Quick answer: Yes, you need performance monitoring from real devices, because your fast dev machine hides the frame drops, stutters, and long loads players actually experience.

Performance problems are invisible on your fast machine, which is exactly why you need to monitor them. Here is whether you need performance monitoring.

Why You Need It: Your Machine Hides Problems

The core reason you need performance monitoring is that your dev machine is far more powerful than your players' devices, so it hides the performance problems, low frame rates, stutters, long loads, that real, especially low-end, devices suffer. Without monitoring from real devices, you do not see the performance players actually experience.

Bugnet captures performance data with device context from the field, so you see how the game actually performs on your players' devices, revealing the problems your fast machine hides.

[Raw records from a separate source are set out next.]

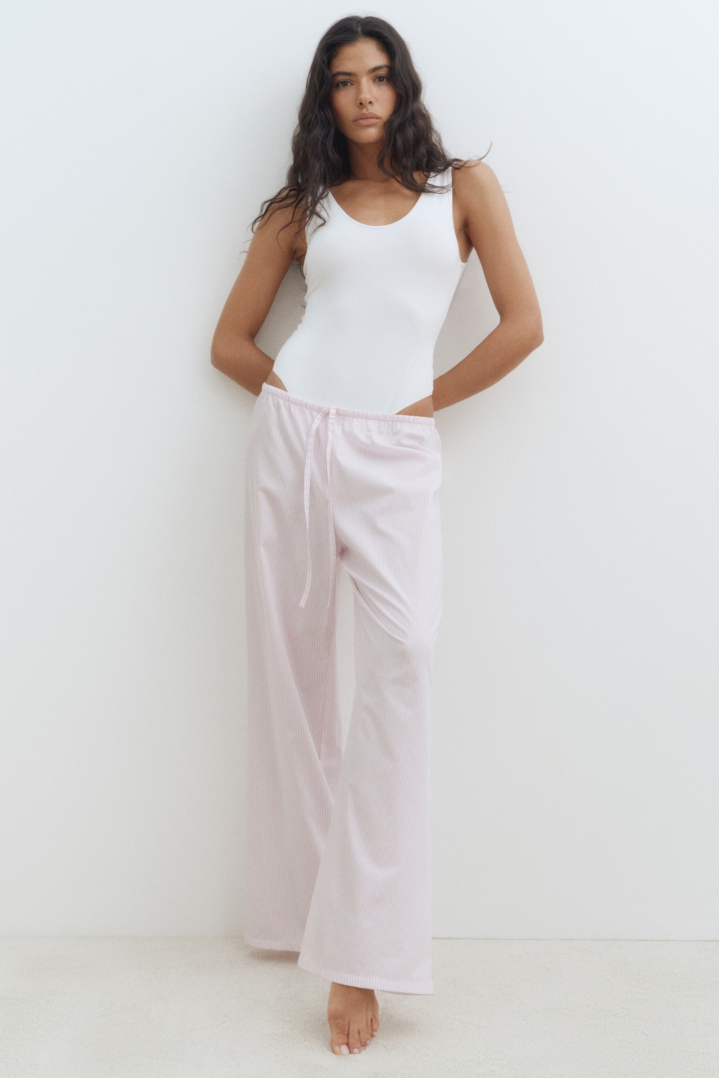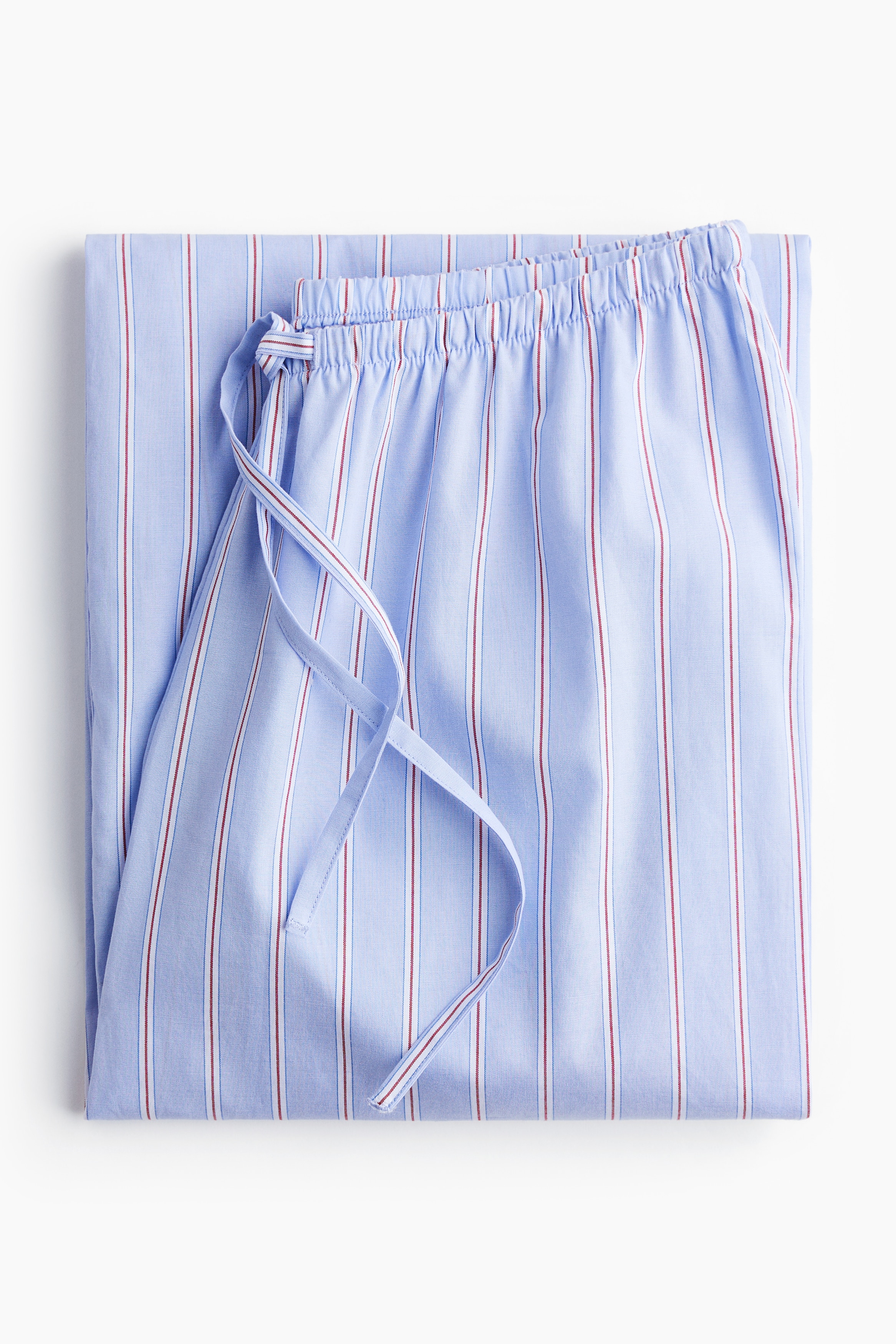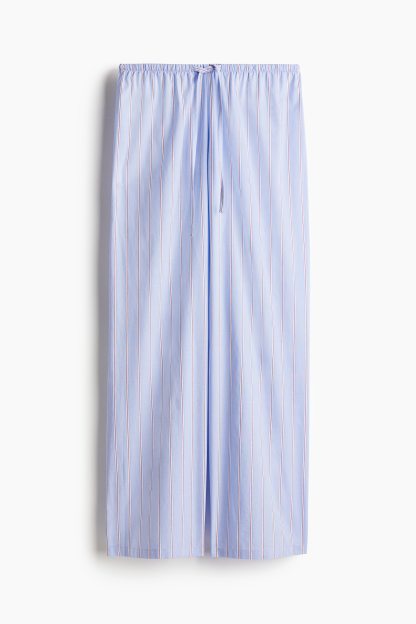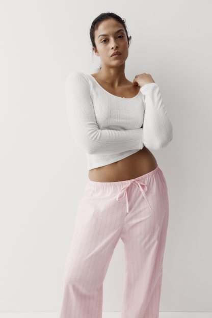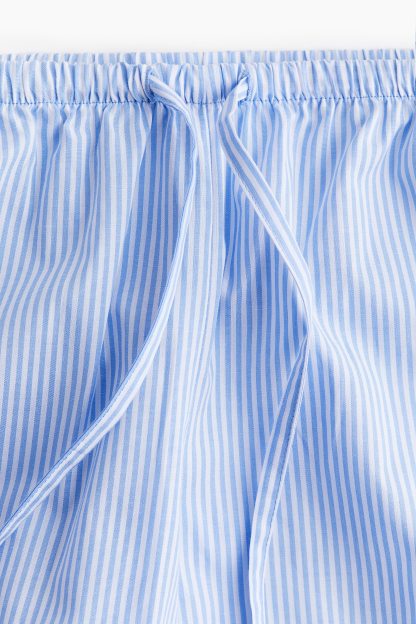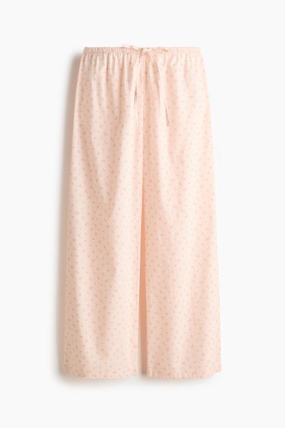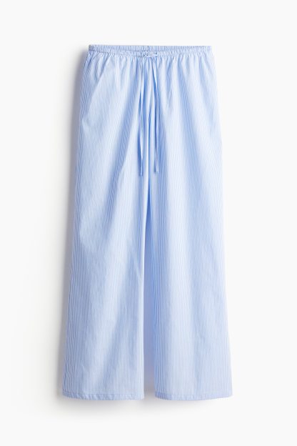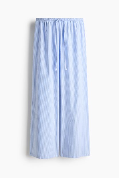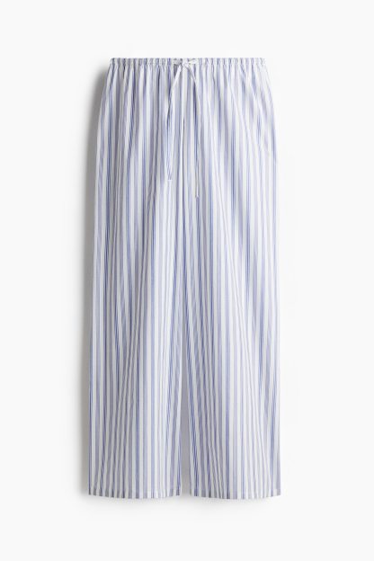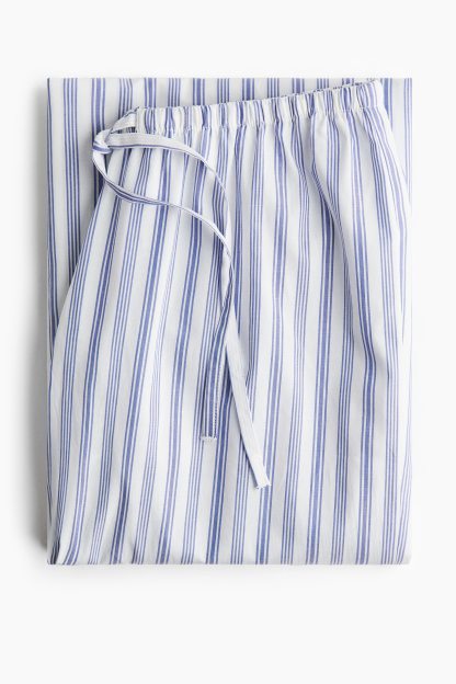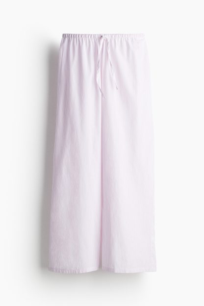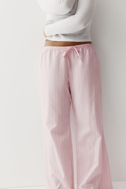 Loose-fit pyjama bottoms in a cotton weave featuring a low waist with covered elastication and a narrow drawstring. Straight, gently flared legs.
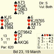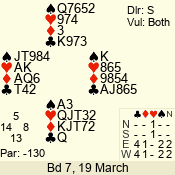 Con | Dc | Res | Score | Ld | Pairs | Rd | Tbl | 5  | S | +1 | 620 | 6 | 03 - 07 | 5 | 3 |
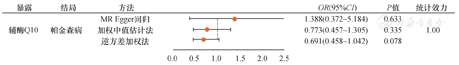 综上,从基因层面而言,血清CoQ10水平与AD及PD无明显因果关联。利用其作为预测AD、PD的生物标志物可能效果不佳。未来仍需开展规范化、大样本的临床试验及相关MR研究,深入探讨CoQ10在大脑局部的代谢水平和其氧化还原状态改变对AD、PD的预防及治疗的潜在效果和临床意义。
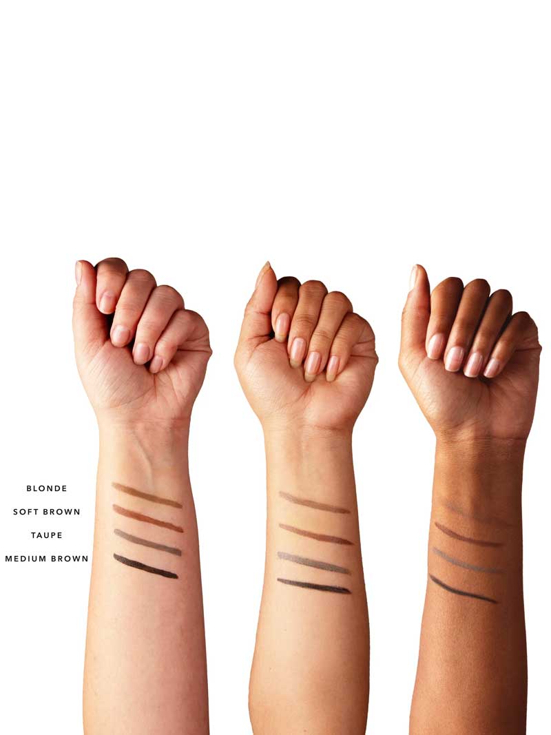 Use an eyebrow brush to apply colour to the brow. Shape and fill with precision angled brush tip, then comb hair into place with spoolie brush.
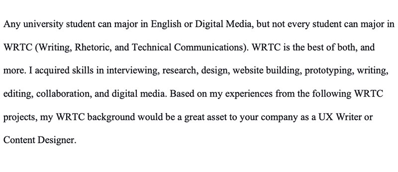 I’m a digital communicator skilled in writing, research, design, user experience, user interface, statistical analysis, and coding. In May 2023, I graduated from James Madison University with a Bachelor of Science in Writing, Rhetoric, and Technical Communication and two minors in Statistics and Creative Writing. Although I’ve graduated, I believe in always learning; my current pursuits are in expanding my design tools skills, learning to speak Thai, and learning how to play the piano. I consider myself to be a hardworking and caring person who wants to help others. My goal is to find a career that combines my skills and positively impacts others.
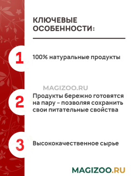 Все продукты бережно готовятся на пару, что позволяет сохранить питательные свойства ингредиентов, входящих в состав.
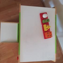 Il tavolo con la sedia di legno per disegnare e giocare. La struttura è molto stabile. Tavolino studiato per disegnare in continuo sul rotolo di carta, fissato con l'asta porta-rotolo. lo sgabello è molto pratico con grande contenitore. Adatto ai bambini di 2/5 anni.
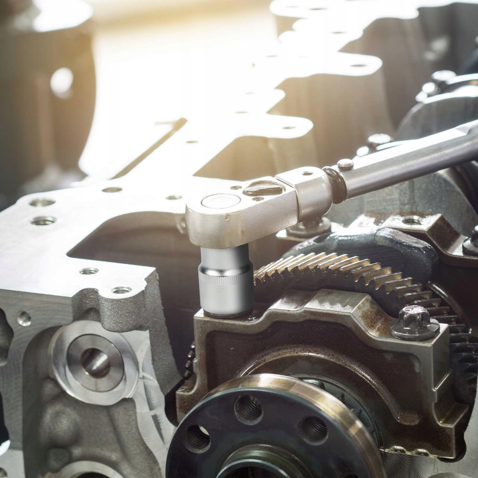 【Smukły design】: 12-zębny design klucza nasadowego zapewnia lepszy chwyt, zmniejsza ryzyko ześlizgnięcia się i umożliwia skuteczniejsze dopasowanie do śrub kształtowych, szczególnie w trudno dostępnych miejscach lub przy zardzewiałych śrubach.

What It Reveals: Real-Device Performance

Performance monitoring reveals the real frame rate, load times, and stutters players experience across their devices, especially the low-end ones where problems concentrate. This tells you whether you have a performance problem and where, so you can optimize the right things on the right devices.

Bugnet captures performance with device context, so you can see which devices struggle and in what way, directing your optimization to the real problems on real hardware rather than guessing.

When You Need It: If Performance Affects Your Game

You need performance monitoring if performance affects your game's experience or reach, which it does for most games, especially mobile and games targeting low-end devices. If players on weaker hardware are a meaningful part of your audience, monitoring their performance is essential to serving them well.

Bugnet captures performance from real devices including low-end ones, so you can serve the full range of your players' hardware, monitoring the performance that affects your game's experience and reach.

Yes, you need performance monitoring from real devices, because your fast dev machine hides the frame drops, stutters, and long loads players actually experience, especially on low-end hardware.